Can a symmetric matrix become non-symmetric by changing the basis?

We know that a hermitian matrix is a matrix which satisfies $A=A^*$, where $A^*$ is the conjugate transpose. A symmetric matrix (special case of hermitian - with real entries) is one for which $A=A^T$.

Observation: this property is dependent on choice of basis.

We know that we can even choose a basis where these matrices are diagonal (spectral theorem). So, my question is:

  1. Is this observation correct?

  2. Can we choose a basis where such matrices are not hermitian or symmetric?

  3. If so, is there a characterization of operators whose matrices can be hermitian or symmetric in some basis?

The following is a paragraph from wiki page which I'm unable to understand. Can someone shed light on this?

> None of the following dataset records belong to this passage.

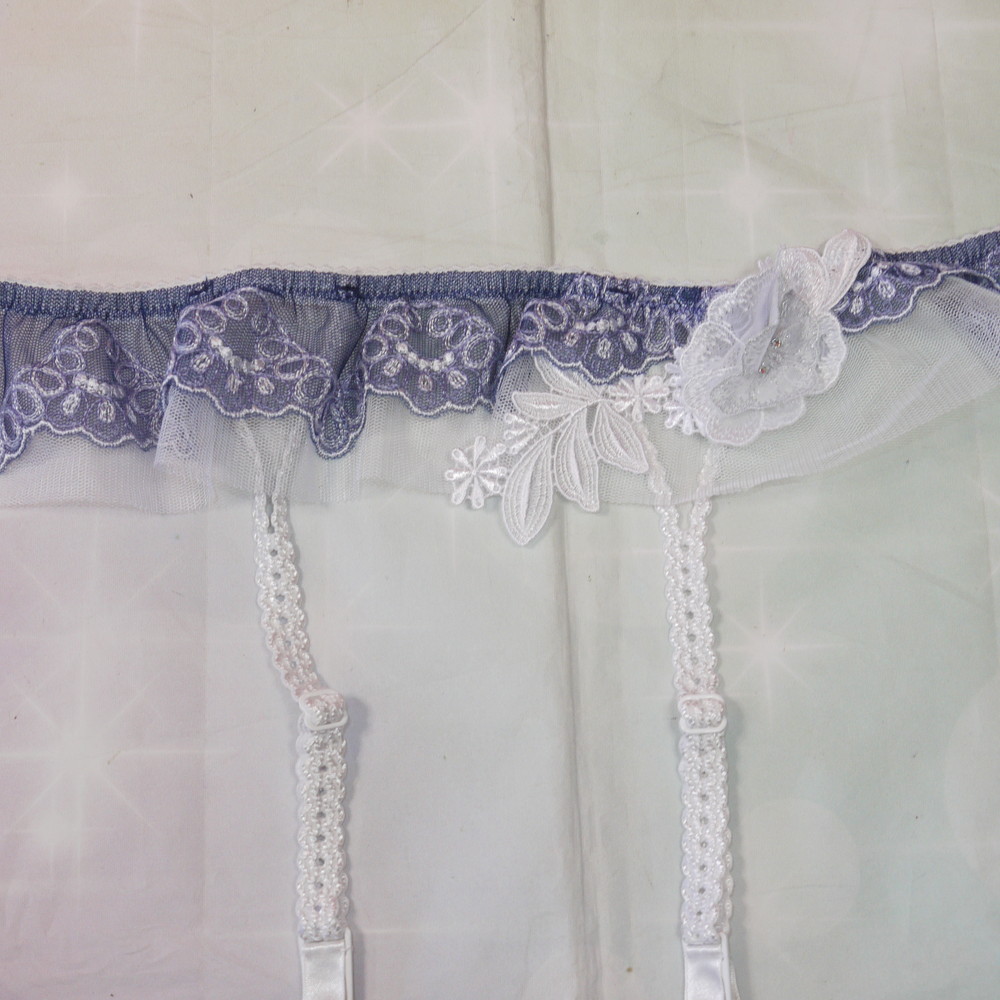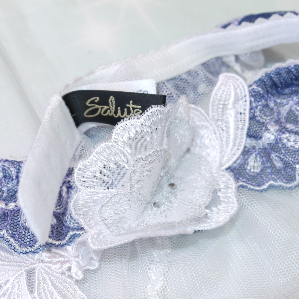 【Bランク/新古美品】サルート 44G:Mサイズ ★ 驚!お姉様度がグッと上がる白リーフ ブルーフリル ガーターベルト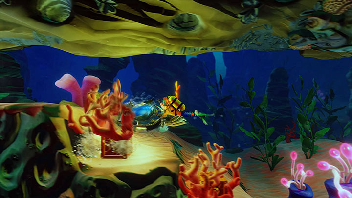 Swim into a metal construction and interact with something similar to a submarine that will help you in your journey (sadly, not throughout the entire level). It has an unlimited number of torpedoes that can be used for destroying crates and to eliminate enemy fish. However, the most interesting use of the torpedoes is the ability to destroy red coral reef (an example is presented in the picture above). Each red object like that hides a new crate.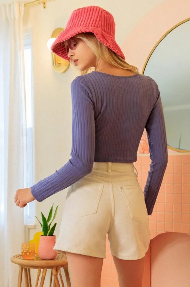 Denim Ribbed Surplice Neck Long Sleeve Crop Top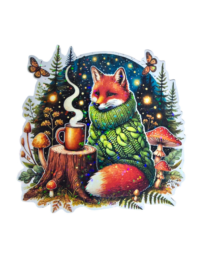 Stickers holographique renard coucher de soleil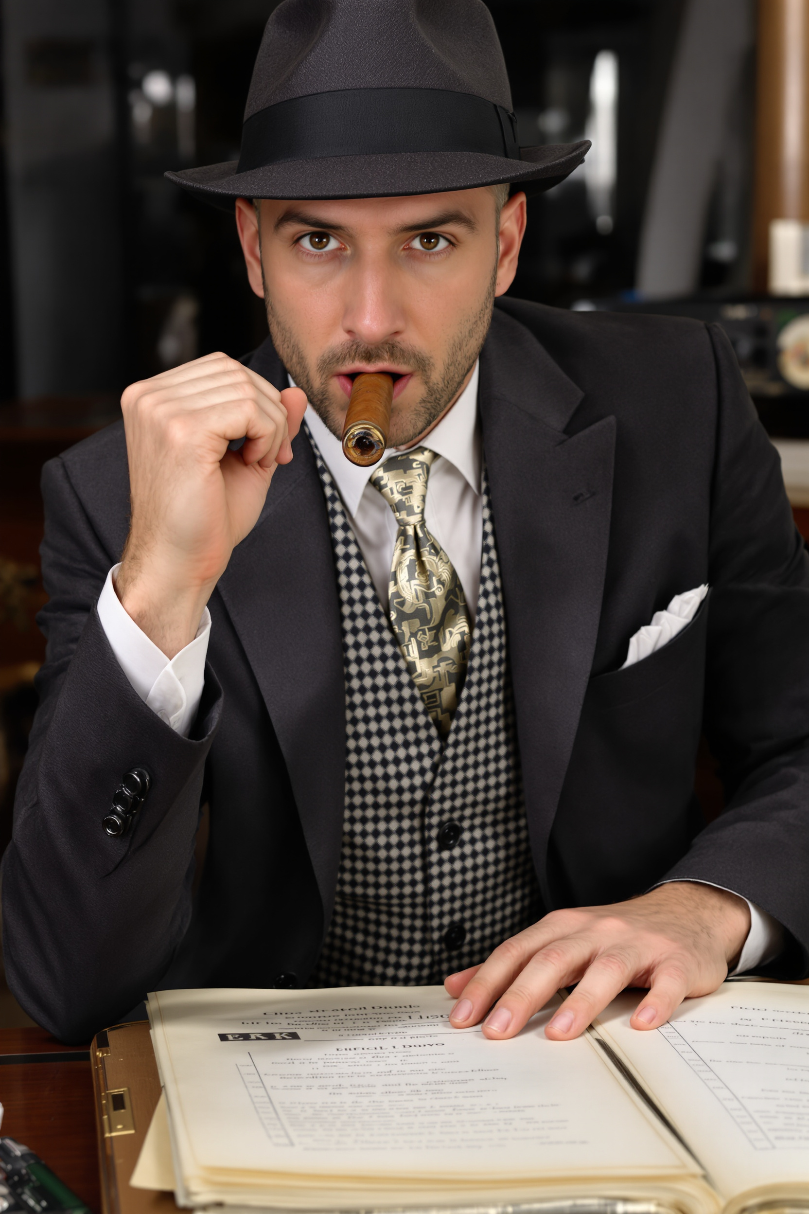 Мужчина в графитовом пиджаке гангстера 1920-х, жилет в мелкую клетку, белая сорочка, шёлковый галстук, тёмная федора. Он наклоняется вперёд, опершись кулаком о старую папку с документами, в другой руке зажата массивная сигара, крупный план, смотрит прямо в камеру.

... Denote by $ \langle \cdot,\cdot \rangle $ the standard inner product on $R^n$. The real $n-by-n$ matrix $A$ is symmetric if and only if

$\langle Ax,y \rangle = \langle x, Ay\rangle \quad \forall x,y\in\Bbb{R}^n$. Since this definition is independent of the choice of basis, symmetry is a property that depends only on the linear operator A and a choice of inner product. This characterization of symmetry is useful, for example, in differential geometry, for each tangent space to a manifold may be endowed with an inner product, giving rise to what is called a Riemannian manifold. Another area where this formulation is used is in Hilbert spaces...


The matrices $\pmatrix{1&3\cr0&2\cr}$ and $\pmatrix{1&0\cr0&2\cr}$ are similar, so there is a change of basis that transforms one into the other, but one is symmetric and the other is not, so, yes, there are transformations that have a symmetric matrix with respect to one basis and not to another basis.


Inner products also depend on a choice of basis. They are invariant under a unitary change of basis, and indeed Hermitian matrices stay Hermitian under unitary change of basis since $(UAU^*)^* = UA^*U^* = UAU^*$.